Originally Posted by underwater (Post 1084550)
Sat 7pm eastern works for me. If i remember/am around. I like the idea of chatting about how its affected our friend/family/significant other relationships.

that would be a great topic.

Mark in Idaho 07-23-2014 11:00 PM

No, Will Gardner was a law partner on The Good Wife. He got killed off last year. I noticed the same issue.

willgardner 07-23-2014 11:11 PM

Hahaha yes, the same name in the good wife. great show BTW.

So, 7pm (EST) on Saturday? Topic: how the injury/condition has affected your relationship with family members/friends/significant others/those around you. Any issues you have regarding this.
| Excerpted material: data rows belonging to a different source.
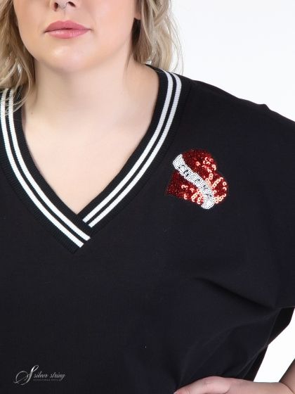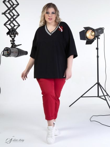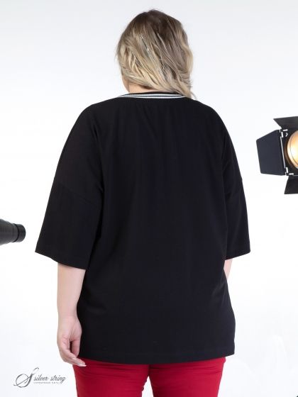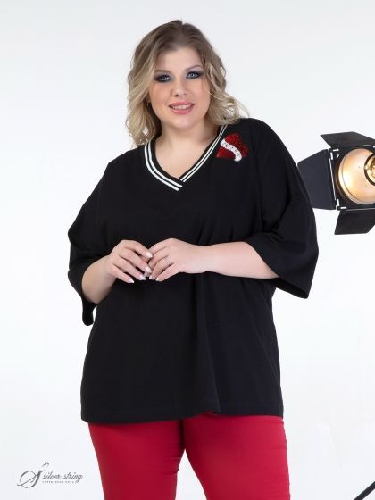 Эффектный блузон Т-образного силуэта с цельнокроеным рукавом длиной за локоть. Модель выполнена из высококачественного трикотажного полотна с большим содержанием хлопка. Горловина У-образной формы обработана трикотажными планками с белыми полосами. На левой стороне полочки настрочена оригинальная аппликация из пайеток. Это базовая модель, которая прекрасно впишется в Ваш гардероб и станет незаменимой при создании разнообразных комплектов.
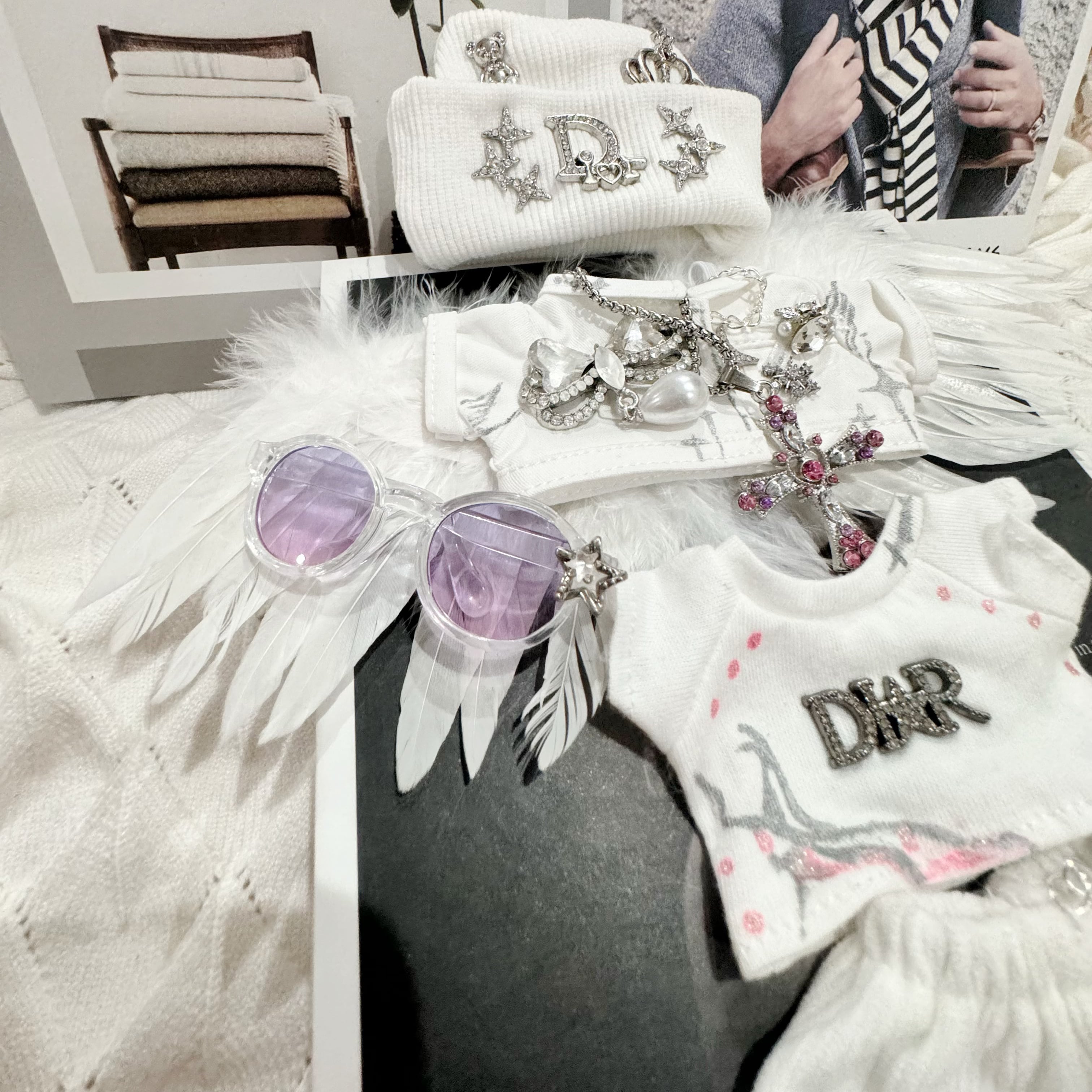 少量製作♡ スイート&クール Labubu 上品 お姫様エンジェルラブブ 衣装セット ダイヤモンドロゴ+羽根ウイング 15cm/17cm用
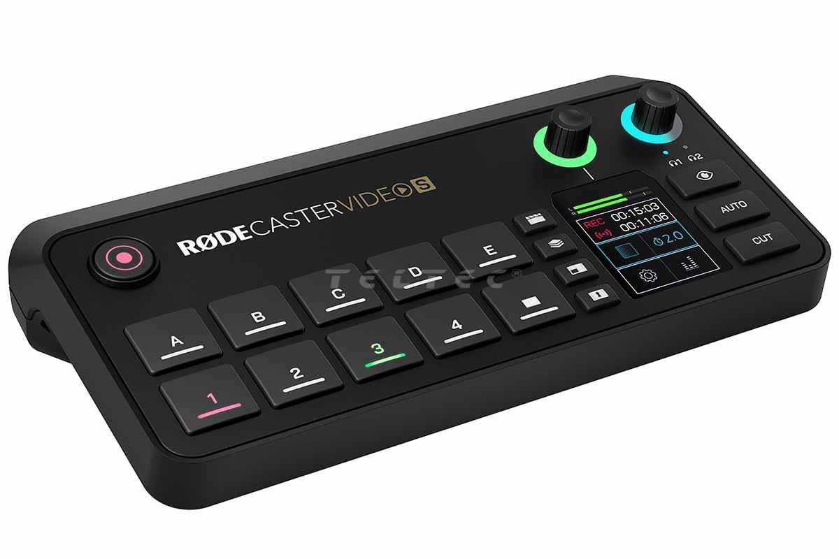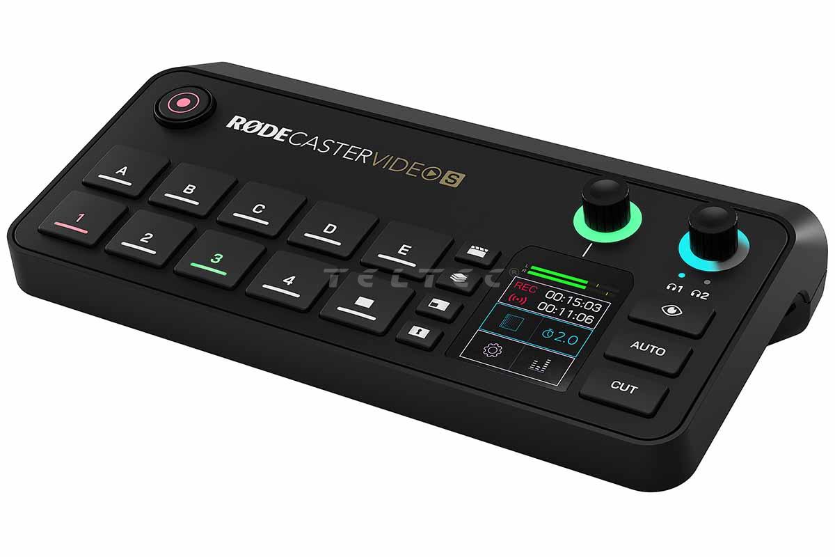 Der Rode RØDECaster Video S ist eine intuitiv bedienbare Video- und Audio-Produktionskonsole mit einer leistungsstarken CPU, einem übersichtlichen Bedienfeld und einer szenenbasierten Schaltarchitektur. Ideal für Content Creation, Livestreaming und professionelle Videoproduktion mit flacher Lernkurve, automatischem Chroma Keying, automatisierbaren Kamerawechseln und integrierter Audiosektion in Studioqualität. Die Konsole bietet fünf Szenentaster, vier Quellentaster, AUTO und CUT sowie die Tasten Fade to Black, Media, Overlay, Multi Source, Keying und Inspect. Ein 2"-Touchscreen und ein Schalt-Encoder erleichtern die Konfiguration. Auto Switching setzt Kamera und Szenenwechsel anhand des Audiosignals um und eignet sich besonders für Solo Produktionen. Die Konsole hat drei HDMI Eingänge, einen konfigurierbarer HDMI Ausgang, Ethernet, vier USB C Ports, zwei 6,35 Millimeter TRS Buchsen für Kopfhörer sowie zwei Neutrik Combo Buchsen für XLR oder 6,35 Millimeter Line und Mikrofon. Zwei integrierte Drahtlos Empfänger unterstützen aktuelle RØDE Wireless Sender. Ein rauscharm arbeitender Preamp liefert bis zu 76 dB Gain. Die Aufzeichnung in H.264 erfolgt direkt auf ein externes USB Laufwerk, inklusive ISO Aufnahmen von vier Quellen plus Programm Feed. RTMP Streaming zu Facebook, X, LinkedIn, Twitch und YouTube ist über Ethernet oder WLAN möglich. Der Audio Signalprozessor bietet pro Eingang Kompressor, Equalizer, De-Esser, Stereopanorama, Noise Gate, Hochpassfilter, Aural Exciter, Big Bottom und Compellor. Die kostenlose RØDECaster App für Mac und PC ermöglicht Fernsteuerung, Szenenerstellung und erweiterte Konfiguration.
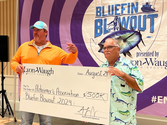 Last night, at the Beauport Hotel, another giant check was presented to the Alzheimer’s Association from this year’s Bluefin Blowout. This year’s check was for a staggering $500,000….bringing the total raised by this fantastic event to over $2.2 million since the tournament’s inception. Those who give gather.
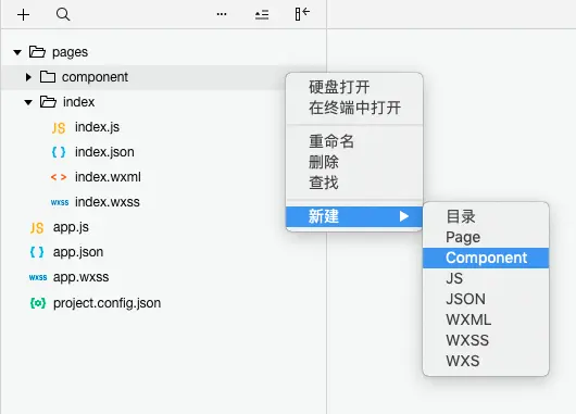 在定好的目录下右键新建一个 Component 目录,系统会自动帮助我们创建好自定义组件的四个必要文件,步骤与结果如图一、二所示。
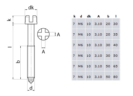 Crown Screw No. 515, M6 x 35mm, Pointed, Steel BZP
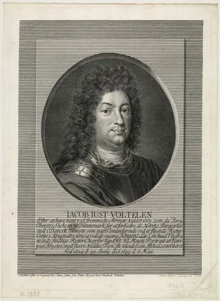 Trykt under motivet: Stukket efter et Orginal, hos Hans sönne sön Etate Raad Just Hendrich Voltelen. Meno Haas Sculpcit 1786.
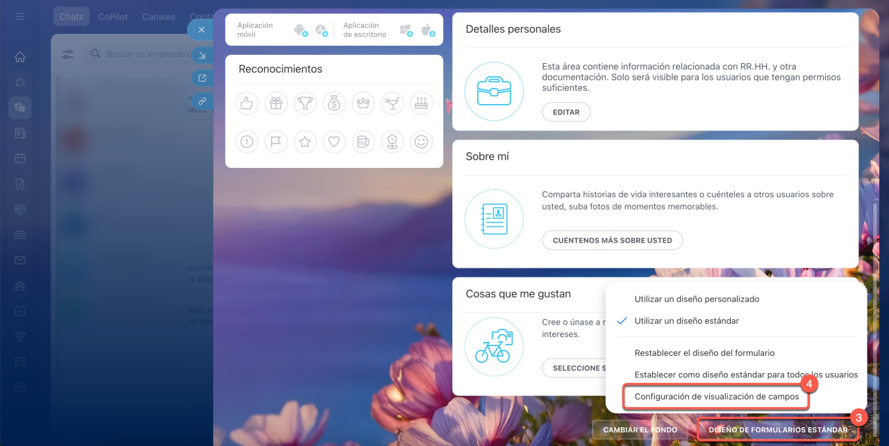No es posible ocultar campos específicos del perfil solo para ciertos empleados. La configuración de visualización es general para todos y la define el administrador.
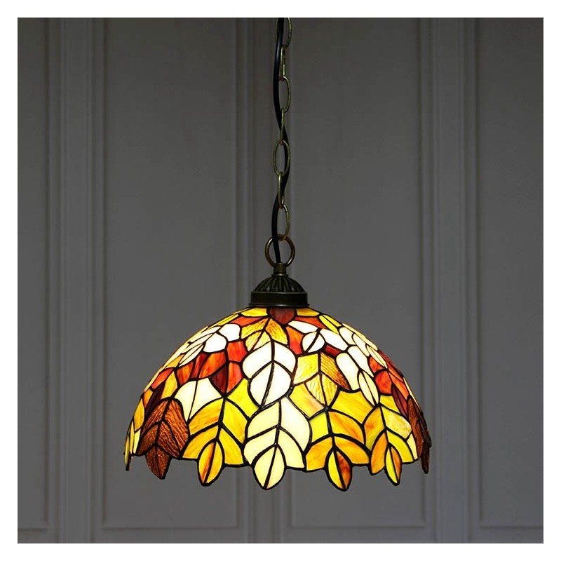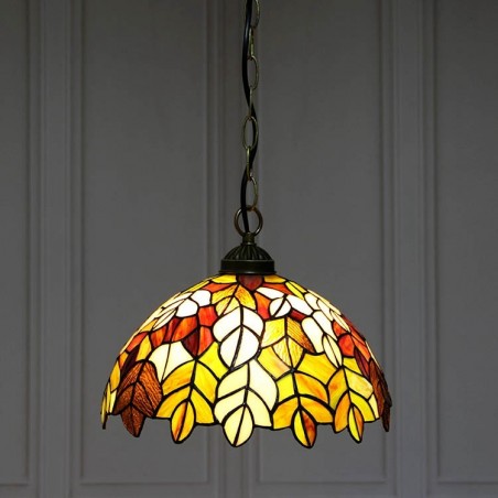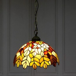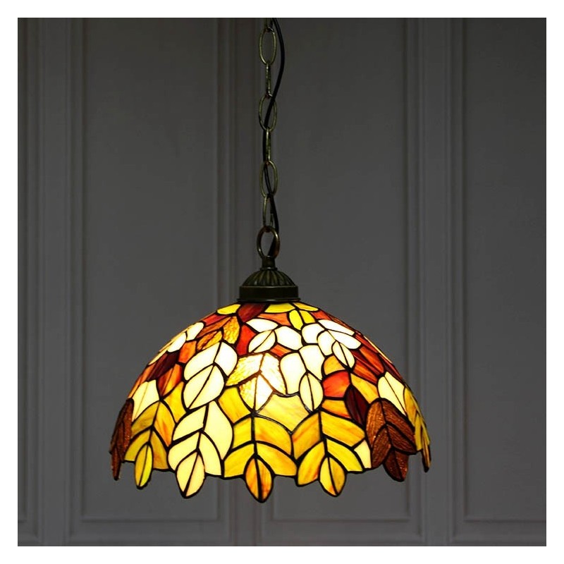 Tiffany stila piekarināmā piekaramā lampa, vitrāžas lapu griestu lampa, 12 collas
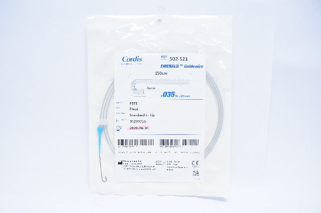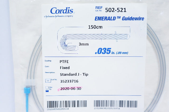 - Cordis 502-521 Emerald PTFE Guidewire, Standard, J-Tip 0.035inch x 150cm (x)
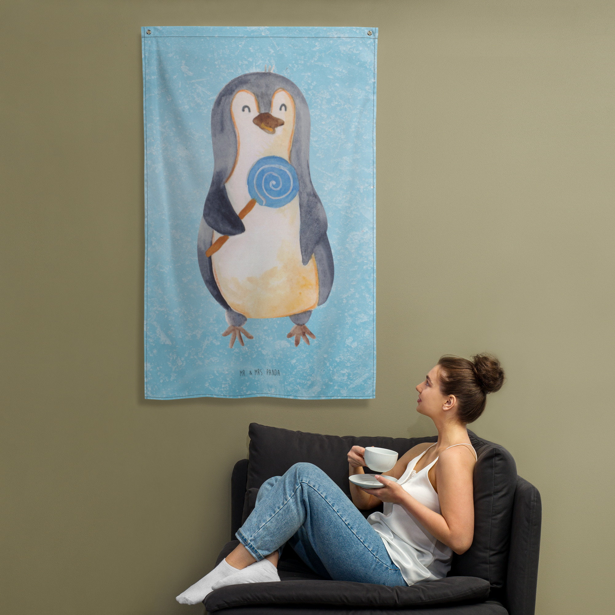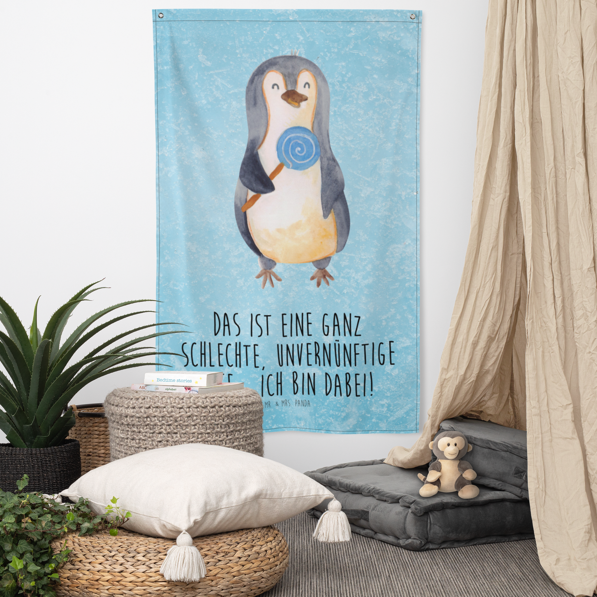 Wandteppich Pinguin Lolli Wandbehang, Dekoration, Boho, Wandteppich, Wandtuch, Wanddeko, Tapisserie, Tapestry, Wandbild, Textil-Kunst, Schmuck-Wandbehang, Wand Deko, Kinderzimmer, Kinderzimmer Wand, Kinderzimmer Deko, Kinderzimmer Wanddeko, Pinguin, Pinguine, Lolli, Süßigkeiten, Blödsinn, Spruch, Rebell, Gauner, Ganove, Rabauke
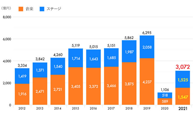 近年、ライブ市場は活況を呈しています。ここ2年は新型コロナウイルス感染拡大の影響で低迷していたものの、ライブ市場は右肩上がりで拡大しており、今後も成長が見込めるマーケットです。
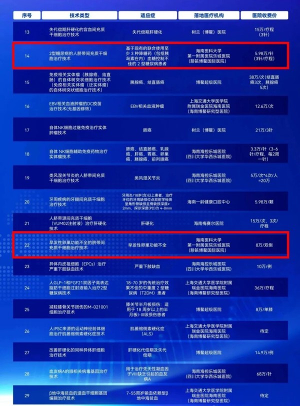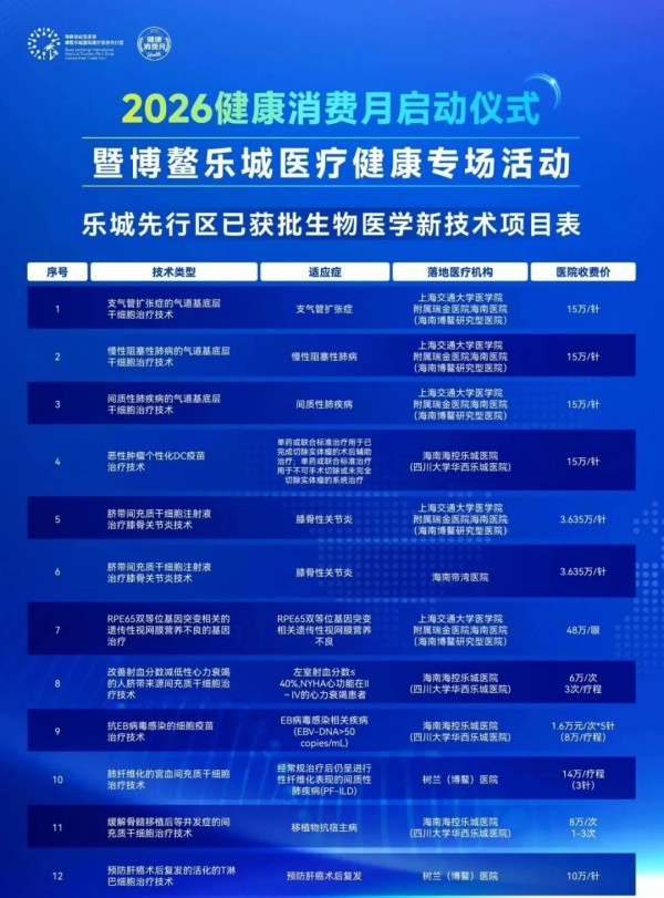 据了解,慈铭博鳌“早发性卵巢功能不全的脐带间充质干细胞治疗技术”已于2025年8月获批开展,旨在帮助卵巢功能减退的女性改善生育及健康状况。脐带间充质干细胞因其免疫调节和组织修复的独特优势,成为治疗早发性卵巢功能不全的有力手段,为面临生育困难的女性提供了全新的医学解决方案。慈铭博鳌“2型糖尿病的人脐带间充质干细胞治疗技术”已于2025年12月30日获批开展,精准针对2型糖尿病这一影响数亿人群的重大公共卫生问题,实现了干细胞治疗从实验室研究向规模化临床应用的跨越。
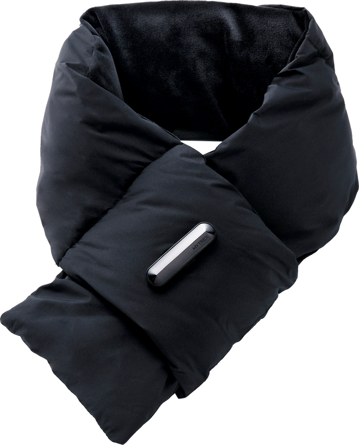 スイッチを入れてわずが5秒で首元に快適な温かさを届けるマフラー。バッテリーはとり外さずに簡単に充電ができるし、水を弾く素材でなんとも至れり尽くせり! POWERMUF ¥11,880/MYTREX
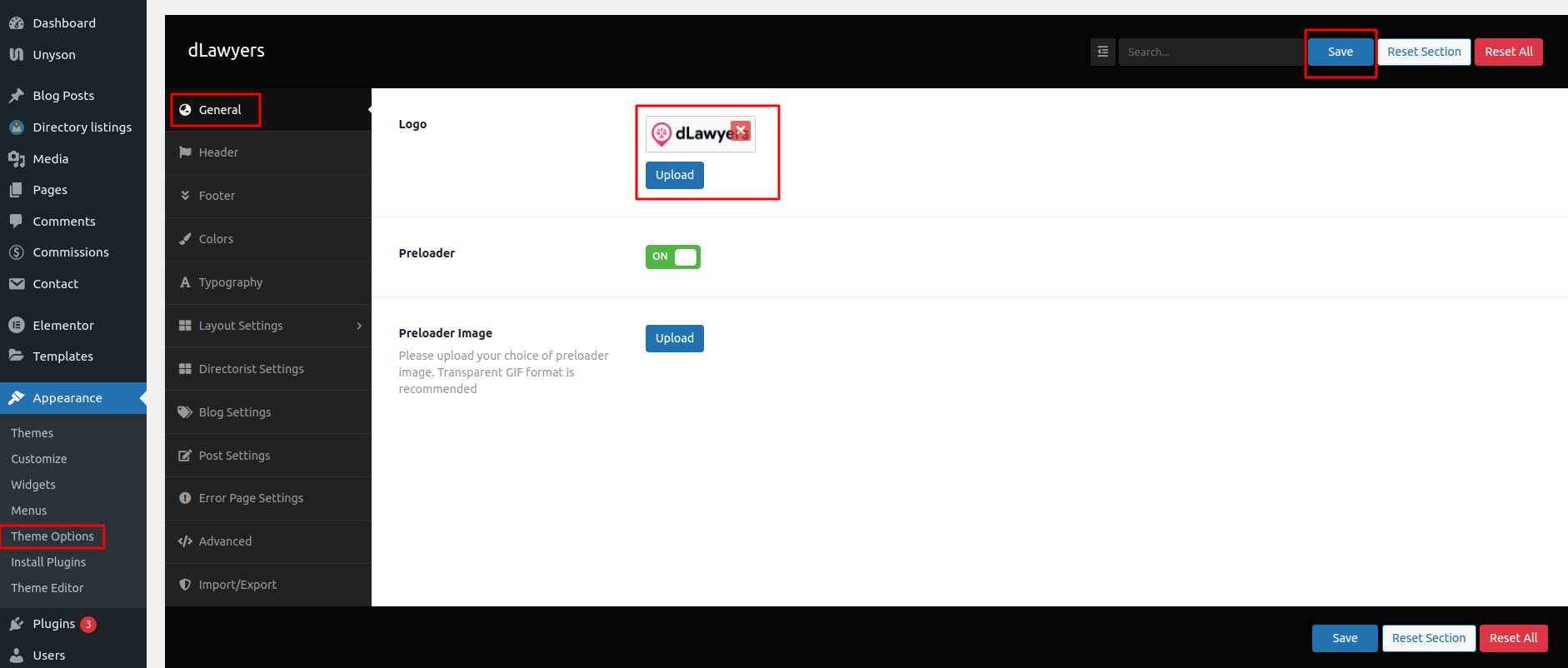 Here you can find the option for enabling/disabling the “Preloader” option. Also, you can upload your custom preloader image. When uploading an image please make sure it’s a transparent GIF image.
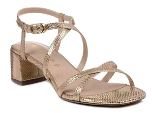 Eleganckie sandały damskie na wygodnym obcasie. Złote efektowne tworzywo daje niesamowity efekt na nodze. Buty posiadają miękką wkładkę podnoszącą komfort uż...
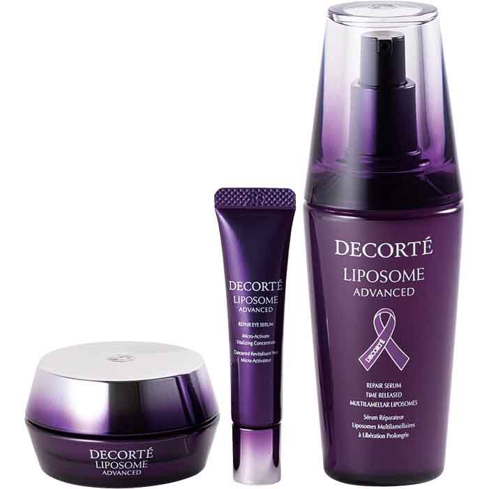 <セット内容>右から:リポソーム アドバンスト リペアセラム 75ml、同 リペアアイセラム 8ml、同 リペアクリーム 20g
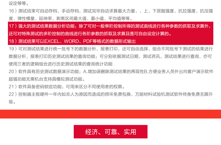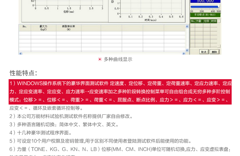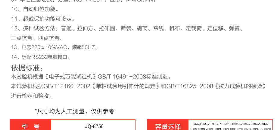 產(chǎn)品型號(hào):JQ-8750 品牌:劍 喬 用途:本系列機(jī)廣泛用于各類(lèi)五金、金屬、塑膠、橡膠料、紙品、包裝、鞋類(lèi)、皮革、服裝、紡織、建材、絕緣體、電線、電纜、端子等各類(lèi)材料。測(cè)試其拉伸、撕裂、剝離、抗壓、彎曲、抗剪切、定

I am looking forward to this!

Hockey 07-24-2014 05:57 AM

I will try to be there.

It will depend upon whether or not my husband is home and/or paying attention. :hit-safe: He's in major denial about my injuries and doesn't like me hanging with my TBI peeps, online or otherwise.

Yes, it's very isolating - and ironic, given the proposed topic of the first discussion. :ROTFLMAO:

anon1028 07-24-2014 06:03 AM

Quote:

Originally Posted by Hockey (Post 1084622)
I will try to be there.

It will depend upon whether or not my husband is home and/or paying attention. :hit-safe: He's in major denial about my injuries and doesn't like me hanging with my TBI peeps, online or otherwise.

Yes, it's very isolating - and ironic, given the proposed topic of the first discussion. :ROTFLMAO:

you wouldn't believe how ridiculed and isolated I've become. I don't believe it. my own mother says yeah yeah your brain injury whatever. old friends all gone, called a bum for not working. etc. wow!!